Dataset content:

-=-=-=-=-

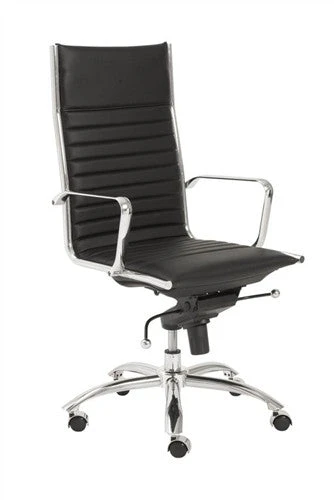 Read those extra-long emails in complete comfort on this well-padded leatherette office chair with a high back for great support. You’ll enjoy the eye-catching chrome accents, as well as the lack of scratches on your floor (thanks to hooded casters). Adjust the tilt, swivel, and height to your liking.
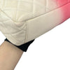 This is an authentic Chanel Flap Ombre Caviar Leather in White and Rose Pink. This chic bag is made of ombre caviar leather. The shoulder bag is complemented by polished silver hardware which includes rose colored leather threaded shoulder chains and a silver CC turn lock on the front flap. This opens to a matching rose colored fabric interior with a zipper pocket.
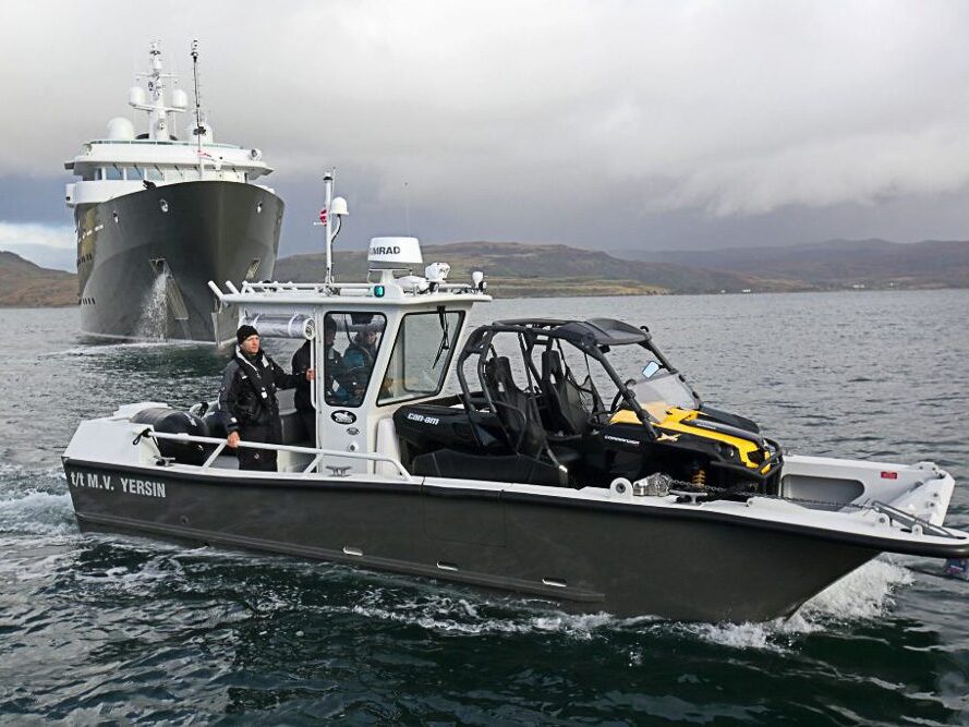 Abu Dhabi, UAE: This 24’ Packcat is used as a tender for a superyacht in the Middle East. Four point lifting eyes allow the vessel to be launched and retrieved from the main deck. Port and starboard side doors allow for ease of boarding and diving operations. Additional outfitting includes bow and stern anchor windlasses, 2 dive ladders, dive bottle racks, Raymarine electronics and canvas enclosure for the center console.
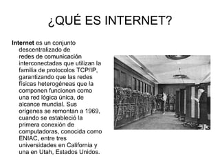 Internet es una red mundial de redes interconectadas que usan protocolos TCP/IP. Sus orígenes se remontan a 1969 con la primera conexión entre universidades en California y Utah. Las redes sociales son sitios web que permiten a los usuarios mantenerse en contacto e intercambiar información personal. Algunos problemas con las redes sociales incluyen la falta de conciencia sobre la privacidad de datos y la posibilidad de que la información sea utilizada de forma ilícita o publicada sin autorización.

-=-=-=-=-

Instructions to follow: What is needed is an exact copy of the lines above, from the one holding "This is an authentic" down to the one holding "Abu Dhabi, UAE: This", with those two included and the pictures left out.

Output below:
 This is an authentic Chanel Flap Ombre Caviar Leather in White and Rose Pink. This chic bag is made of ombre caviar leather. The shoulder bag is complemented by polished silver hardware which includes rose colored leather threaded shoulder chains and a silver CC turn lock on the front flap. This opens to a matching rose colored fabric interior with a zipper pocket.
 Abu Dhabi, UAE: This 24’ Packcat is used as a tender for a superyacht in the Middle East. Four point lifting eyes allow the vessel to be launched and retrieved from the main deck. Port and starboard side doors allow for ease of boarding and diving operations. Additional outfitting includes bow and stern anchor windlasses, 2 dive ladders, dive bottle racks, Raymarine electronics and canvas enclosure for the center console.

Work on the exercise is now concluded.